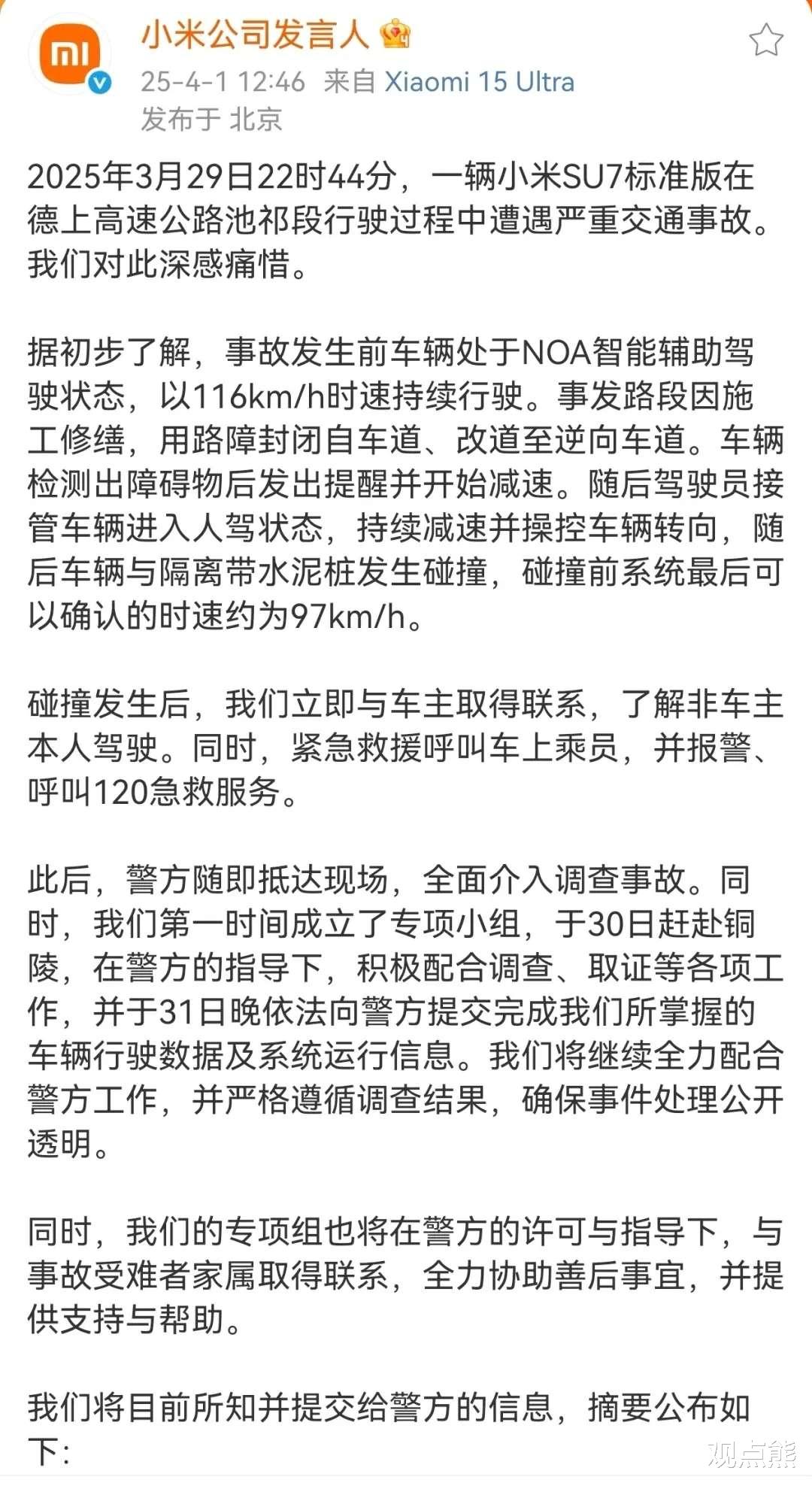 在内部,雷军强调要“在汽车安全的领域成为同档最安全的车”,要承担起大公司的领导者责任。面对质疑,小米也迅速暂停了有争议的OTA推送,并提出了补偿方案。
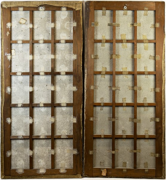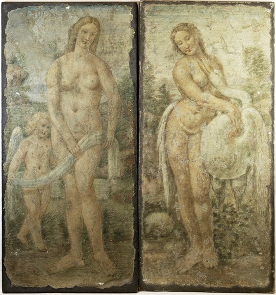 Ignoto, Leda e il cigno - Venere e Amore, coppia di tecniche miste su tela (cm 129,5x60 cad) (difetti)
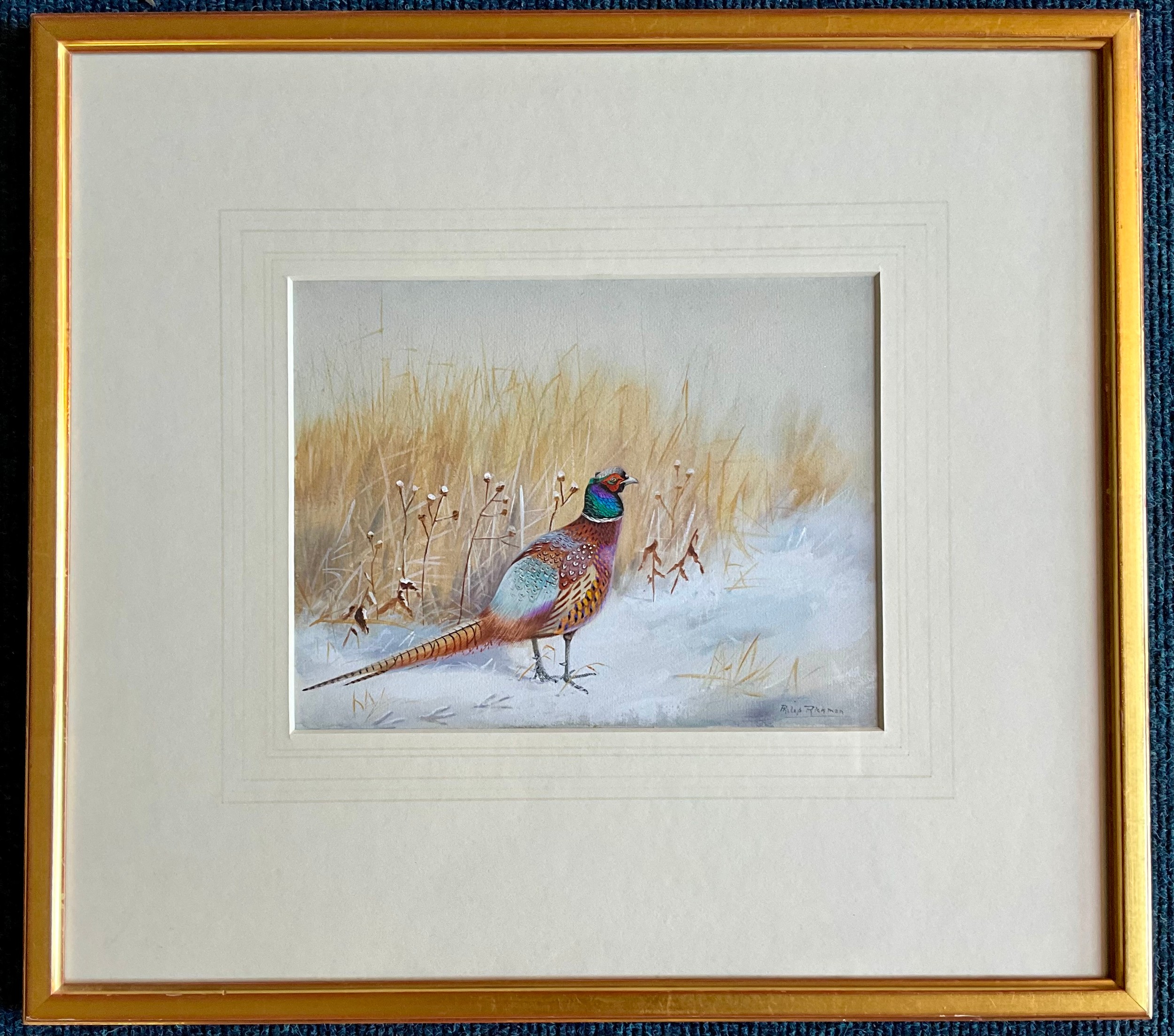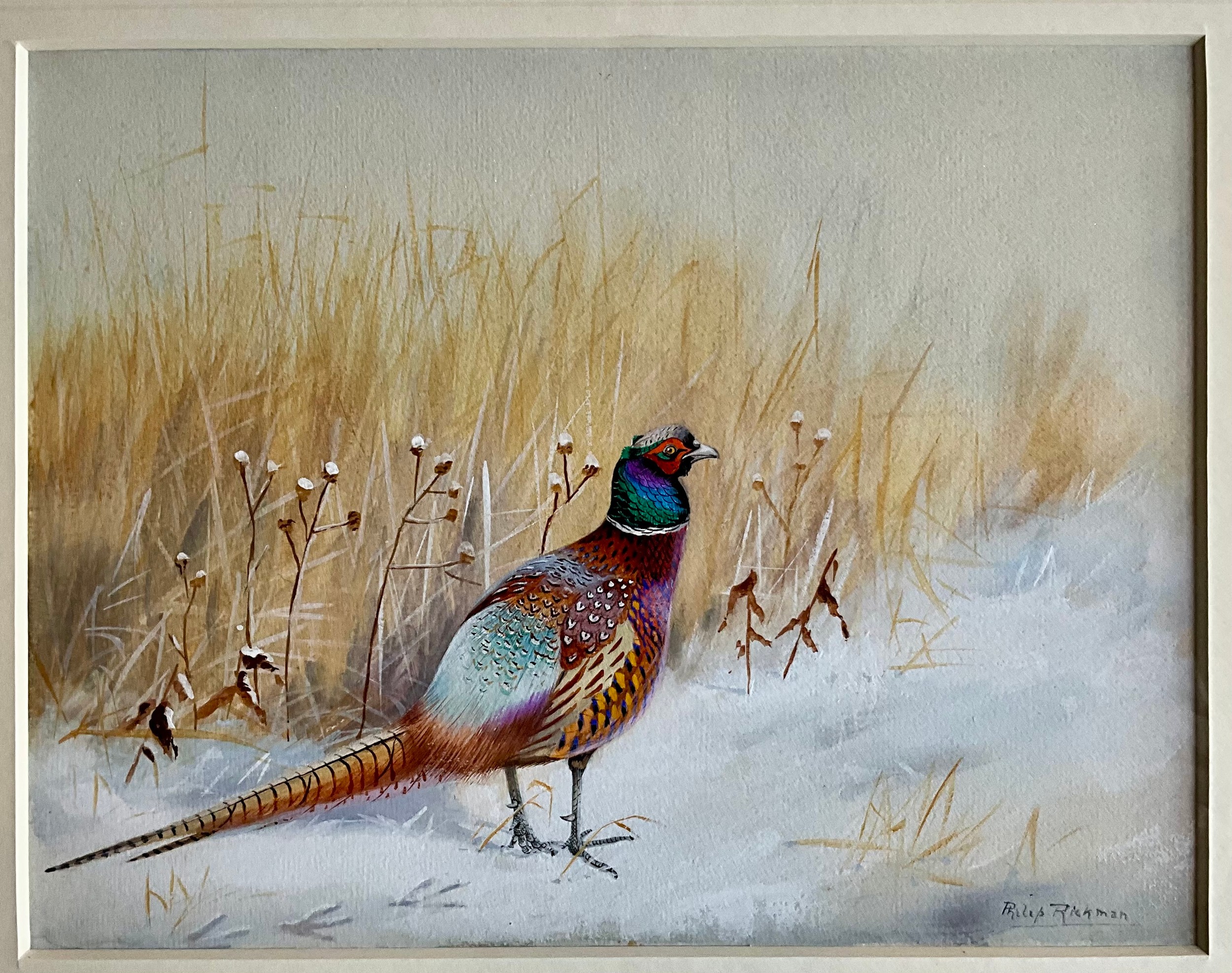 RICKMAN (PHILIP, 1891-1982). ‘A COCK PHEASANT IN SNOW’ ORIGINAL WATERCOLOUR. Approx. 28 x 22cm

___

### What is being asked
Only the lines from the one with "Ignoto, Leda e" through the end of the listing above should be output, exactly as written and with no pictures.

### Your response
 Ignoto, Leda e il cigno - Venere e Amore, coppia di tecniche miste su tela (cm 129,5x60 cad) (difetti)
 RICKMAN (PHILIP, 1891-1982). ‘A COCK PHEASANT IN SNOW’ ORIGINAL WATERCOLOUR. Approx. 28 x 22cm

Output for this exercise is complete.